“Sylvia Thompson,” a Snopes reader wrote by email in November 2017, “is supposedly a black conservative woman writer.”
Her name can be found on a variety of non-mainstream right-wing web sites, next to headlines such as “Liberal Progressivism’s Assault on Black America” and “No, America Should Not Have a Muslim President."
But Thompson’s columns can’t be found in mainstream newspapers, and she doesn’t have a Twitter account or a personal web site for her writings.
The reader continued: “Is this simply a matter of 'fake news' and a 'fake personality' hoax to rally right-wingers and racists to support 'her' supposed anti-black opinions?”
In August, Twitter suspended the account of ‘Nicole Mincey,’ a young, black female Trump-supporter, when — after she was retweeted by President Trump — web sleuths discovered that Mincey did not exist.
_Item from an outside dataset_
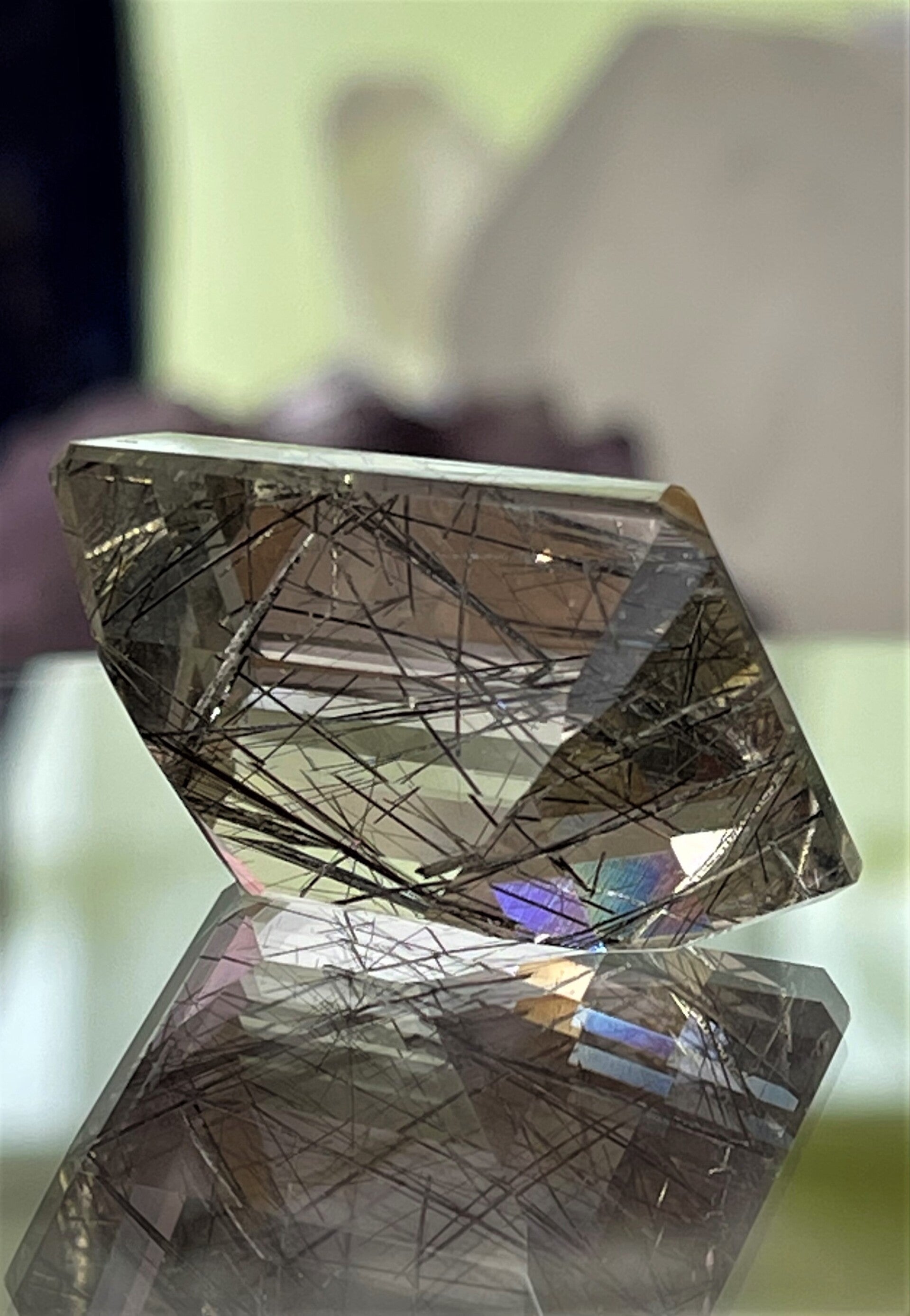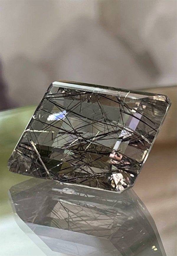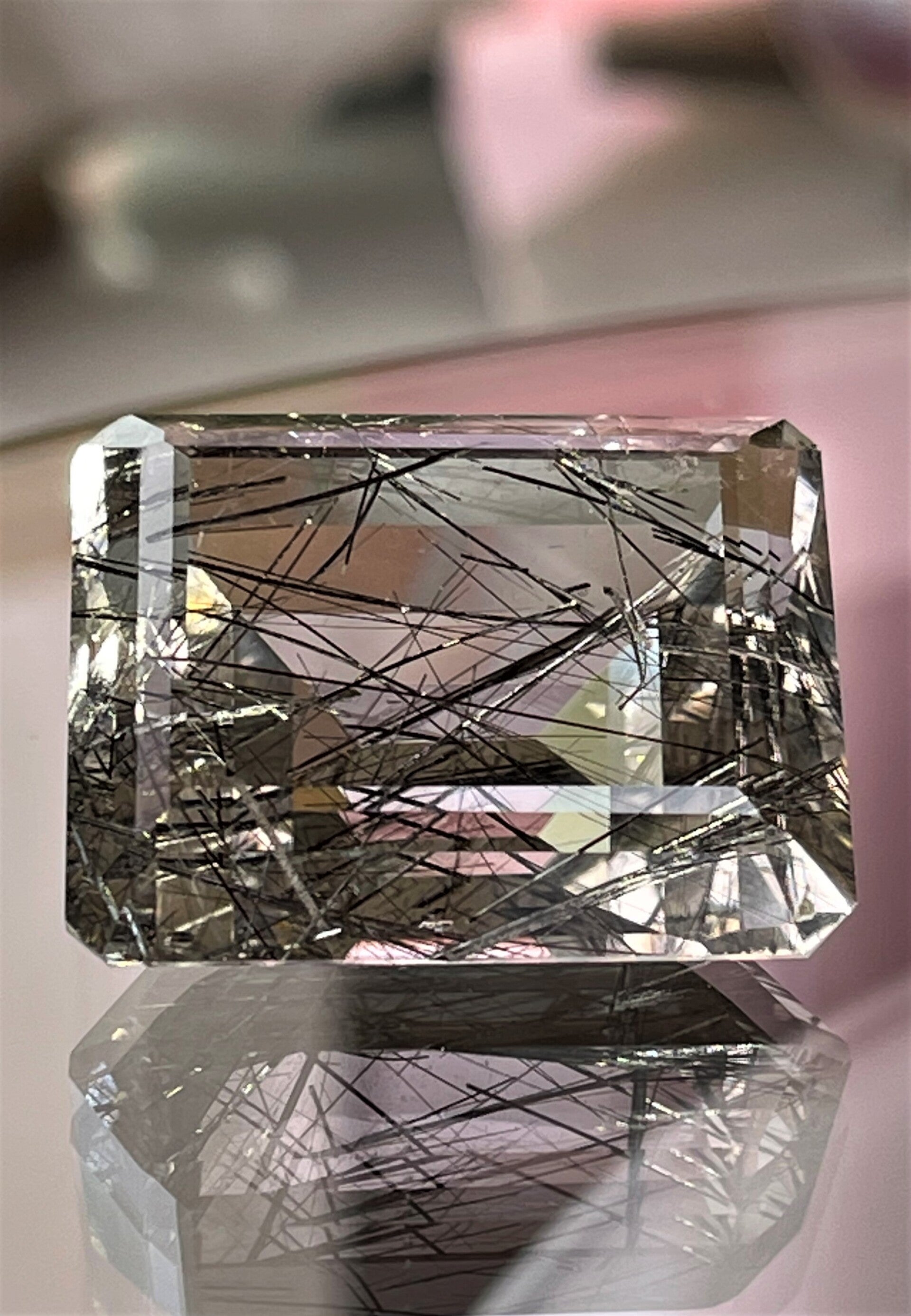 Toermalijnkwarts edelsteen facet geslepen rechthoekig, groot
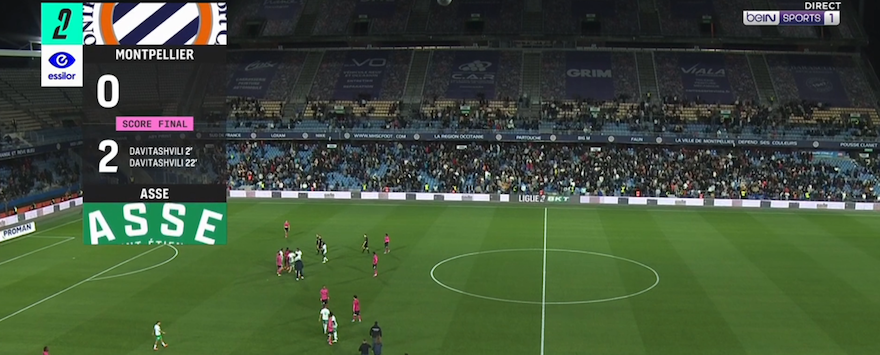 Malheureusement pour l'impression générale, ce genre d'action n'a pas été si fréquent que ça dans ce match. La faute à de nombreuses pertes de balle, provoquées par l'intensité et l'agressivité des joueurs montpelliérains, mais aussi car les Stéphanois avaient creusé l'écart au score assez rapidement. Et à d'autres moments les Verts ont préféré des longues séquences de possession seulement pour calmer le jeu, sans enclencher de vraies offensives rapides ensuite. Néanmoins, ils ont montré que s'ils savent maîtriser le rythme, ils décident quand poser le jeu et quand accélérer, et ils peuvent faire très mal à leurs adversaires quand ils attaquent réellement.

In this climate, it's perhaps inevitable that some might view with suspicion the authenticity of an older black woman popping up on right-wing web sites and offering views that are out of line with a majority of the black community.
For example, here's Thompson weighing in on the NFL national anthem protests:
...I am an American black citizen, and I have had it up to the gills with black people who embrace victimhood. I also highly resent my being expected to do the same in order to affirm my "blackness."
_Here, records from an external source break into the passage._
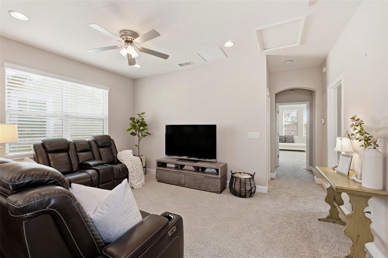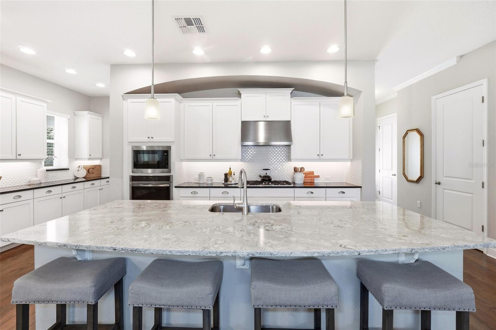 Stunning upgraded model home with an oversized kitchen in highly desirable Oakland Park. The Sunset Model—a neighborhood favorite known for its award-winning design—is no longer available to build, making this a rare opportunity to own a customized, seldom-available gem! This home features 3 bedrooms + an additional flex room with French doors, 2.5 baths, a fenced yard, oversized quartz island with granite kitchen counters, custom lighting, wood flooring, gas stove, tile backsplash, a loft, inviting front porch, and a fully finished backyard complete with a fire pit, pavers, and bistro lights—perfect for entertaining. The yard also has room for a pool should a future owner wish to remove the pavers. Upon entering, you'll find a storage closet to the left, a beautifully designed half bath, and to the right, a versatile room with French doors ideal for an office, guest suite, or hobby space. The kitchen, living, and dining areas are open, bright, and seamlessly connected. This kitchen is one of the largest production-built kitchens in the community, offering extended counters, abundant cabinetry, and a walk-in pantry. Additional storage can be found under the stairs—ideal for seasonal décor and toys. Upstairs features 3 bedrooms, 2 full baths, a loft, and the laundry room. The primary suite is generously sized, easily accommodating a king bed, nightstands, dressers, and a cozy sitting area. The ensuite bath includes dual sinks, an oversized shower with rain-shower head, and a spacious walk-in closet. The oversized 2.5 car garage provides ample space for 2 cars plus a golf cart, and the extended driveway allows for extra parking. Take your golf cart into historic Downtown Winter Garden to enjoy the Crooked Can Brewery, theater, rooftop and outdoor dining, boutique shopping, splash pad, Farmer’s Market, and more. For outdoor enthusiasts, the 22-mile West Orange Trail connects directly to the community. Oakland Park is known for its vibrant lifestyle, offering golf cart parades, 5Ks, book club gatherings, poker nights, and neighborhood events throughout the year. This waterfront, golf-cart-approved community features parks, playgrounds, lakes, two pools (including a resort-style option), clubhouse, dog park, walking trails, and breathtaking sunset views. Conveniently located near major highways, restaurants, shops, golf courses, and theme parks. Don’t miss this rare opportunity to own the Sunset Model—available once again, but only for a moment.
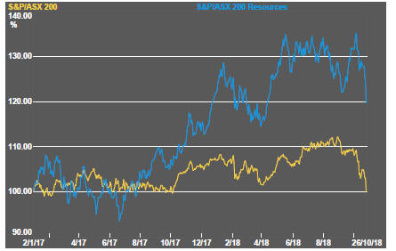 Resource sector equities were caught up in the sell-off with losses evident across all development phases of the industry.
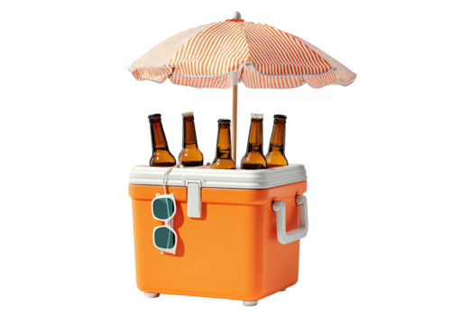 A Sunny Day Essentials - Yellow Cooler, Beer Bottles, Sunglasses, Umbrella on a White or Clear Surface PNG Transparent Background.
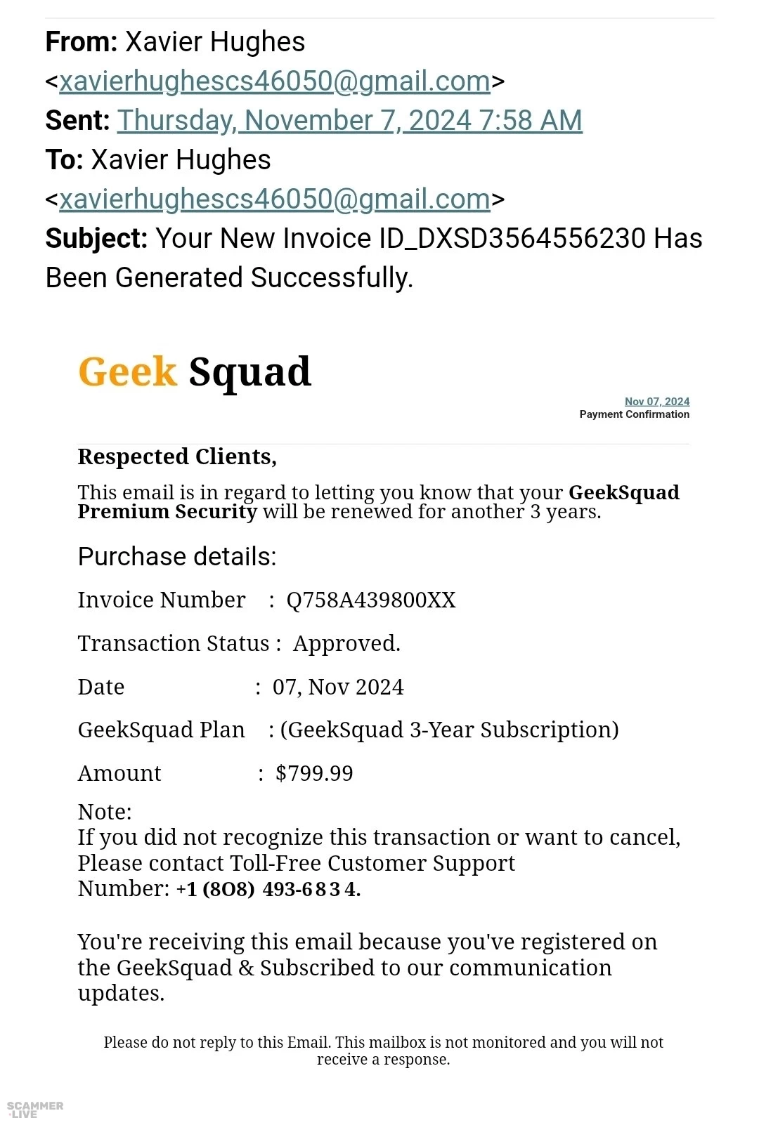 +1 (808) 493-6834, xavierhughescs46050@gmail.com, Xavier Hughes, Geek Squad scam | From: Xavier Hughes <xavierhughescs46050@gmail.com> Thursday, November 7, 2024 7:58 AM Sent: To:... | Geek Squad Scam |
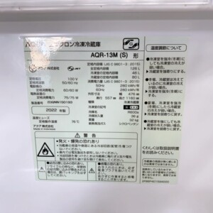 冷蔵庫AQR-13Mは126Lクラスのコンパクトモデルで単身者やセカンド冷蔵庫として中古市場で安定した需要があります。2022年製と比較的新しく動作良好・付属品完備・庫内美品という条件が揃っていたことから再販価値が高いと判断しました。動作確認を徹底し、再流通までの管理体制を整えているため今回は4500円での買取価格をご提示いたしました。
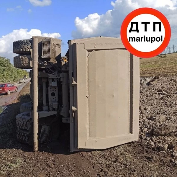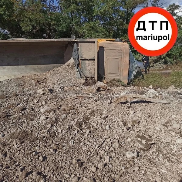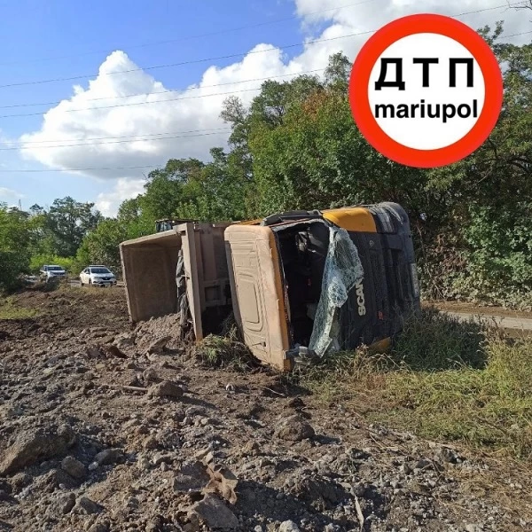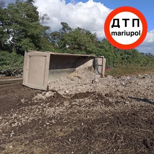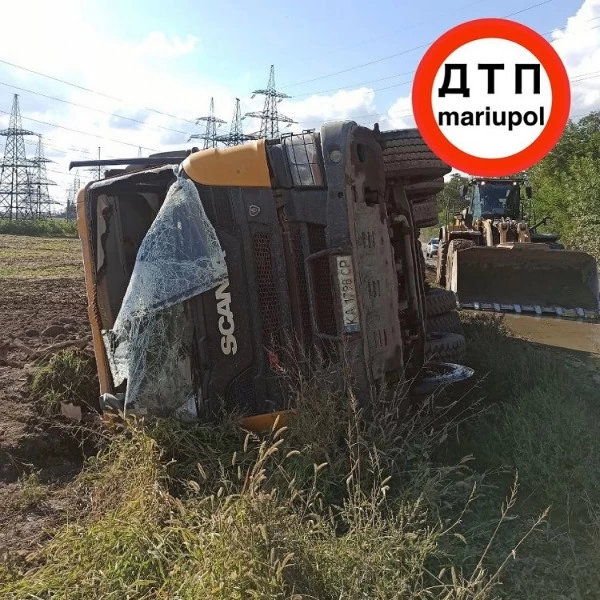 По предварительной информации, водитель самосвала "Scania" не справился с управлением, выехал за пределы проезжей части и опрокинулся набок.
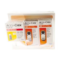 De Accu-Chek Mobile zorgtrajectkit bevat 1 Accu-Chek Mobile meter, 1 Accu-Chek FastClix prikker, 18 Accu-Chek FastClix lancettenhouders met 6 lancetten, 3 Accu-Chek Mobile cassettes met 50 testen. Kortom, deze kit bevat al het materiaal dat wordt terugbetaald binnen het zorgtraject voor 6 maanden.

However, Sylvia Thompson is not the creation of the alt-right or the virtual alter ego of a real-life white man. She is a black conservative woman writer, and has been for years.
Born in Beaumont, Texas but now living in Spring Hill, Tennessee, 30 miles south of Nashville, Thompson has been plowing the same rhetorical furrow for more than a decade.
Readers of the Tennessean newspaper might be familiar with her letter-writing. Here she is in 2007, condemning what she calls the "homosexual agenda" (Thompson has elsewhere written ominously about "homofascism.")
Although feeling sympathy for people trapped in disordered lifestyles, the majority of Americans do not see foisting the acceptance of homosexuality on society as a wise, sane or healthy endeavor.
It's clear that she has carried this worldview through to her columns, which have appeared on Barb Wire (the web site founded by Christian conservative attorney and former boxer Matt Barber), Canada Free Press and Renew America, the web site launched by perennial Republican presidential candidate and broadcaster Alan Keyes.
We repeatedly attempted to contact Thompson, who did not get back to us. But we spoke to Carol Swain, a former Vanderbilt University political science and law professor, who has met Thompson, corresponded with her, and is familiar with her views and writing. When it was put to her that some people had questioned the authenticity of Thompson's identity in light of her conservative views, Swain — who is herself a black conservative woman — told us, "It's such a joke":
I don't believe there's one particular way to be black ... White America and white liberals ... are very misinformed if they believe that there aren't black conservatives out there, or that there are only a handful.